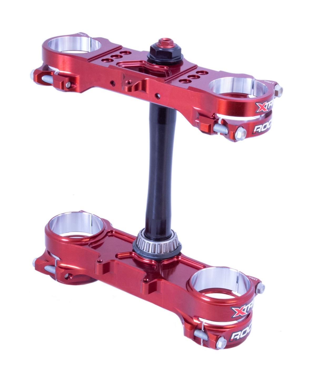 The Revolutionary Opposing Clamp System, ROCS for short, was one of the most spectacular and elaborate developments by XTRIG in recent years. The advantages of this system compared to a conventional triple clamp are the lower deformation of the fork stanchions in the clamping area, which has a noticeable effect on the response of the fork but also the design with the two opposing clamps, which ensures more security against twisting of the fork by the self-locking effect. Another advantage is the fact that the clamping screws do not influence each other, and thus, a more precise tightening torque can be achieved. Since there is no material between the clamping screws, ROCS - triple clamps also have a lower weight in comparison.
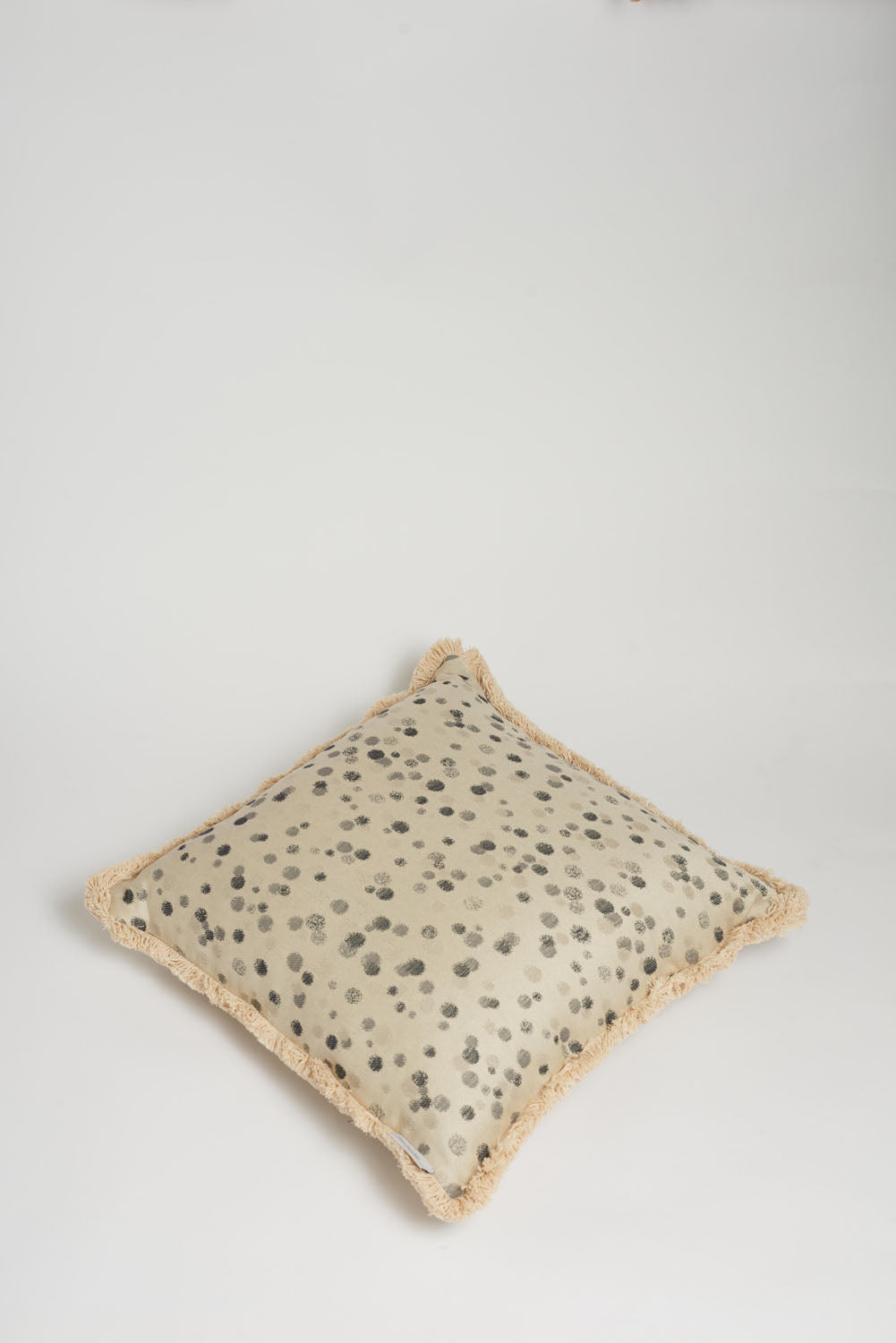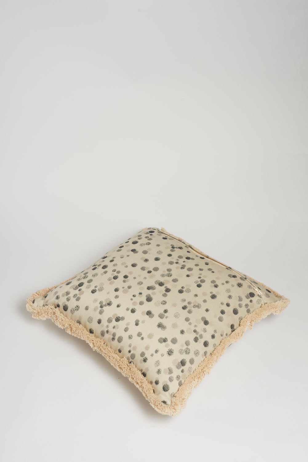 Decorative cushion in 100% cotton jacquard fabric with fringed edge
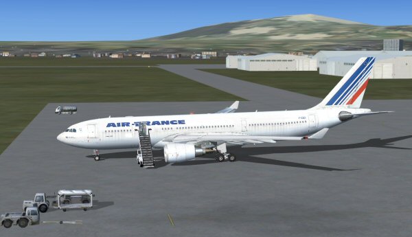 Regarde Mike Papa et son Airbus aux couleurs "maison"... Tu sais c'est l'A330 que l'on avait essayé et que l'on a abandonné pour les problèmes à l'atterrissage... Rappelle-toi, on avait du mal à le stopper en bout de piste... Encore un petit bug résiduel certainement... |
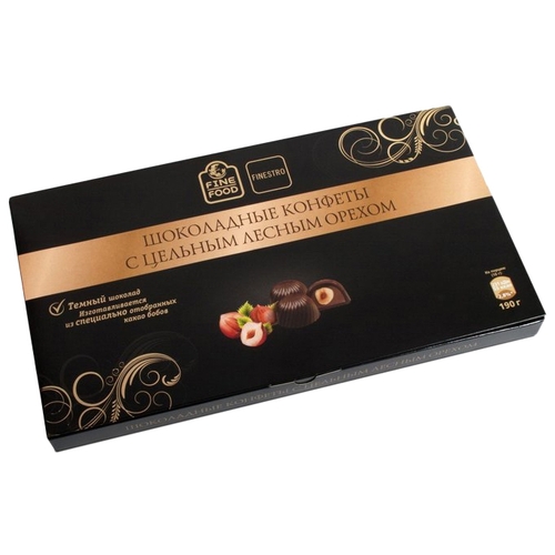 Набор конфет Fine Food Шоколадные конфеты с цельным лесным орехом, темный шоколад, 190г
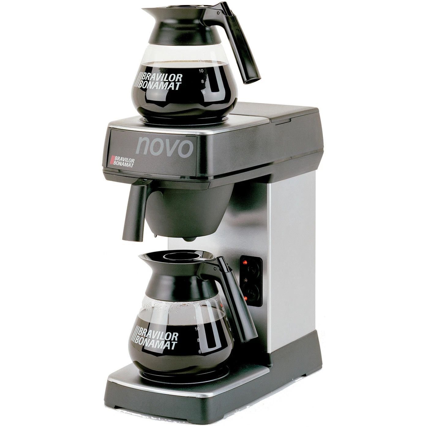 Filterbrygger med 2 varmeplader og 2 kolber. Vi anbefaler at bruge vores kaffe i doseringsposer 65 gram således at kaffen brygges ens hver gang.
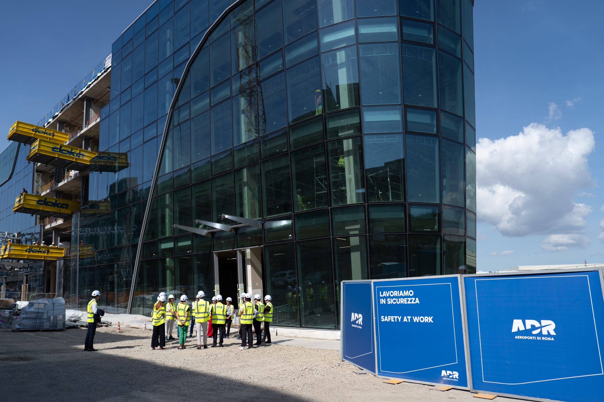 The intended use includes offices, coworking spaces, common areas and services, with a floor dedicated to Rent-a-Car activities and a direct connection to the multi-storey car park through a pedestrian bridge. The architecture is characterized by inclined glazed façades, flexible layouts, and a design oriented toward LEED Gold certification. The final design and detailed design of the new office tower were approved not only by the Italian Civil Aviation Authority but also by the Ministry of the Environment and the Ministry of Culture, in accordance with the provisions of the Environmental Impact Assessment Decree issued for the broader airport completion project of Fiumicino.
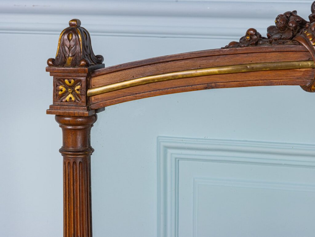 Антикварный экран из стекла в деревянной резной раме. Деликатная резьба, выполненная опытным мастером, имеет акцент в виде золотых узоров. Поверхность стеклянного экрана украшена масляной росписью. Нарисованный букет цветов выплывает из нижнего правого угла и создает динамичную композицию. Внизу композиции есть подпись художника. Экран в хорошем состоянии.
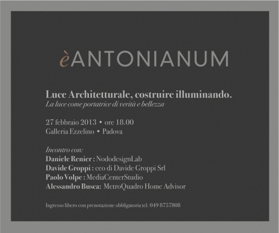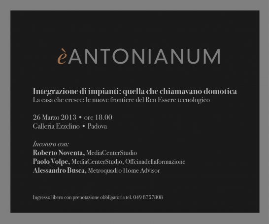 Continua a leggere >>Martedì 26 marzo 2013, nel nuovo spazio èAntonianum allestito in Galleria Ezzelino, si è tenuto l'incontro aperto al pubblico sul tema: INTEGRAZIONE DI IMPIANTI: QUELLA CHE CHIAMAVANO DOMOTICA. La casa che cresce: le nuove frontiere del Ben-Essere tecnologico.
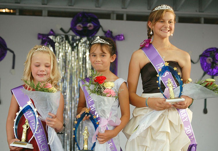 Contestants in the Miss Huckleberry Pageant line the stage in an earlier year. The competition hosts girls from 5 to 15 years of age.
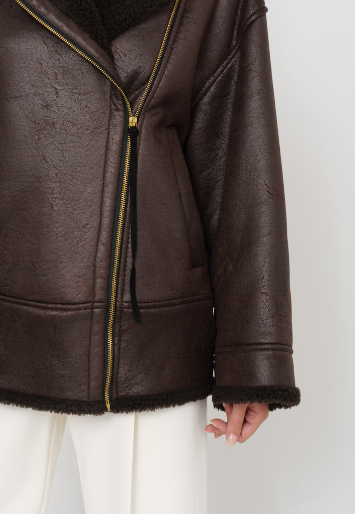 Montone con chiusura a zip, progettato per offrire calore ottimale e praticità. Realizzata in shearling di alta qualità, combina isolamento naturale e resistenza, garantendo protezione dal freddo con un look essenziale ed elegante. La zip frontale assicura una facile vestibilità, rendendo questa giacca una scelta funzionale e raffinata per la stagione invernale.
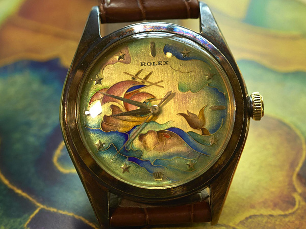 最後則要來看看這只掐絲琺瑯(cloisonne enamel)面盤的玫瑰金18K金勞力士Ref 5029,在2014時,同樣在佳士得拍賣拍出1,242,040美元價格,創下勞力士當時空前最高拍賣紀錄。這只勞力士面盤上的圖案小編在猜應該是海裡的巨魚與航行海上的船隻,至於為何會以這圖案作為主題小編不得而知。除了色彩鮮艷的面盤外,這只錶吸引小編的地方就是其時標。其時標不但設計成星型,6點鐘時標還設計成皇冠,是一只藝術價值很高的勞力士。這款勞力士錶殼又更小了些,直徑只有36mm,搭載G94451自動上鍊機芯,製造年份約在1949年。
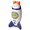 • This rocket- shaped timepiece projects a digital clock display against detailed galactic images on any wall or ceiling
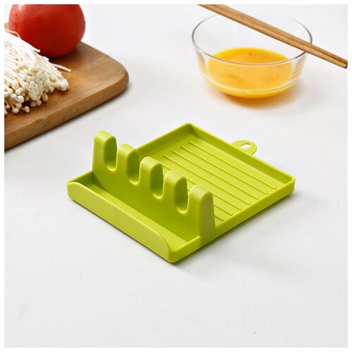 Держатель кухонный для кухонной утвари, для ложки, половника, вилки, силиконовая термостойкая подставка для кухонных принадлежностей, зеленая
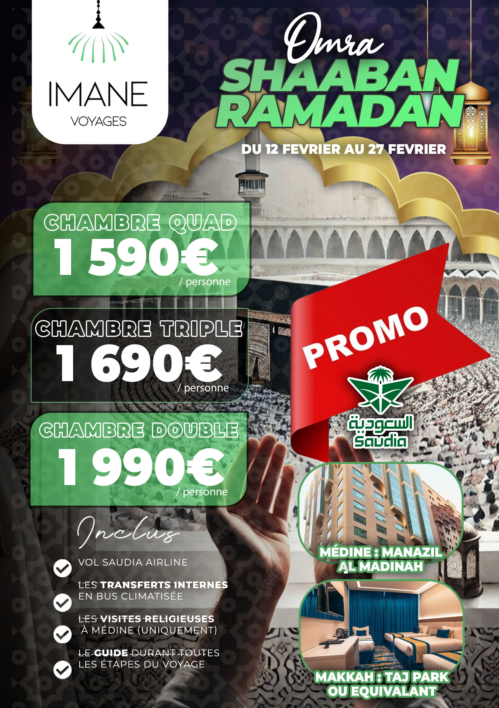 Après avoir terminé les formalités de douane à Médine, un bus privé (confort climatisé) vous transférera de l’aéroport de Médine vers votre hôtel à Médine.
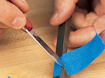 To know how deeply you are driving the chisel into the mortise, make a simple depth gauge using a piece of blue masking tape stuck to the back of the chisel and trimmed flush with the edges. Don’t wrap the tape around the chisel because it will crush and tear as you get to the final depth of the mortise and lever out the waste. For our purposes here, the tape also tells you which way the chisel is facing as you look at the photos of chopping the mortise.
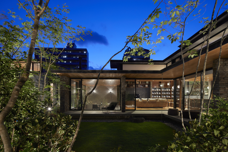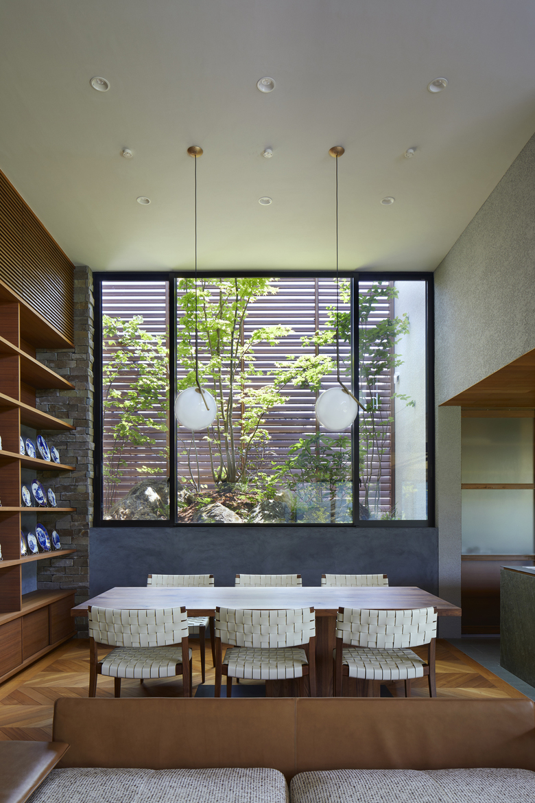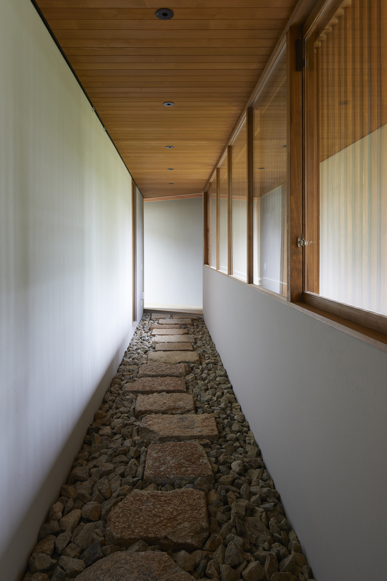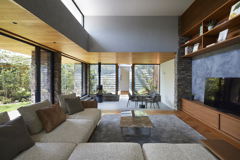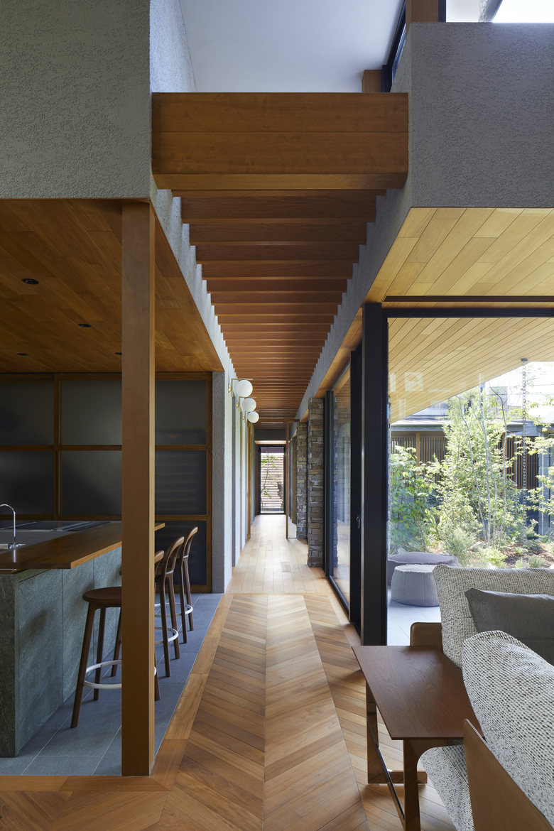 The rooms are arranged in a “L” shape in line with the site boundary, and the gaps between rooms are used as corridors to enjoy the courtyard and the garden. The size of the rooms is adapted to the surrounding environment, and the arrangement of the rooms is determined by the various living scenes and stories to accommodate future lifestyle changes. Although the house is divided into separate buildings, the large courtyard located in the center of the building directs the eye toward it, creating a cohesive structure as a house. When the windows of each garden are opened, the wind blows through, and the sounds of leaves and branches rustling, the fragrance of flowers, and the chirping of birds in the garden can be felt as if one were in the midst of nature, even when indoors. The eight courtyards, created by the gaps between the rooms, have different characteristics in terms of scale, height, lighting, and ventilation, allowing the residents to enjoy various expressions as the seasons change.

Goal of the exercise →
Everything from the line with "Contestants in the" through the line with "Держатель кухонный для" in the material above should be transcribed exactly, except the pictures.

Exercise solution →
 Contestants in the Miss Huckleberry Pageant line the stage in an earlier year. The competition hosts girls from 5 to 15 years of age.
 Montone con chiusura a zip, progettato per offrire calore ottimale e praticità. Realizzata in shearling di alta qualità, combina isolamento naturale e resistenza, garantendo protezione dal freddo con un look essenziale ed elegante. La zip frontale assicura una facile vestibilità, rendendo questa giacca una scelta funzionale e raffinata per la stagione invernale.
 最後則要來看看這只掐絲琺瑯(cloisonne enamel)面盤的玫瑰金18K金勞力士Ref 5029,在2014時,同樣在佳士得拍賣拍出1,242,040美元價格,創下勞力士當時空前最高拍賣紀錄。這只勞力士面盤上的圖案小編在猜應該是海裡的巨魚與航行海上的船隻,至於為何會以這圖案作為主題小編不得而知。除了色彩鮮艷的面盤外,這只錶吸引小編的地方就是其時標。其時標不但設計成星型,6點鐘時標還設計成皇冠,是一只藝術價值很高的勞力士。這款勞力士錶殼又更小了些,直徑只有36mm,搭載G94451自動上鍊機芯,製造年份約在1949年。
 • This rocket- shaped timepiece projects a digital clock display against detailed galactic images on any wall or ceiling
 Держатель кухонный для кухонной утвари, для ложки, половника, вилки, силиконовая термостойкая подставка для кухонных принадлежностей, зеленая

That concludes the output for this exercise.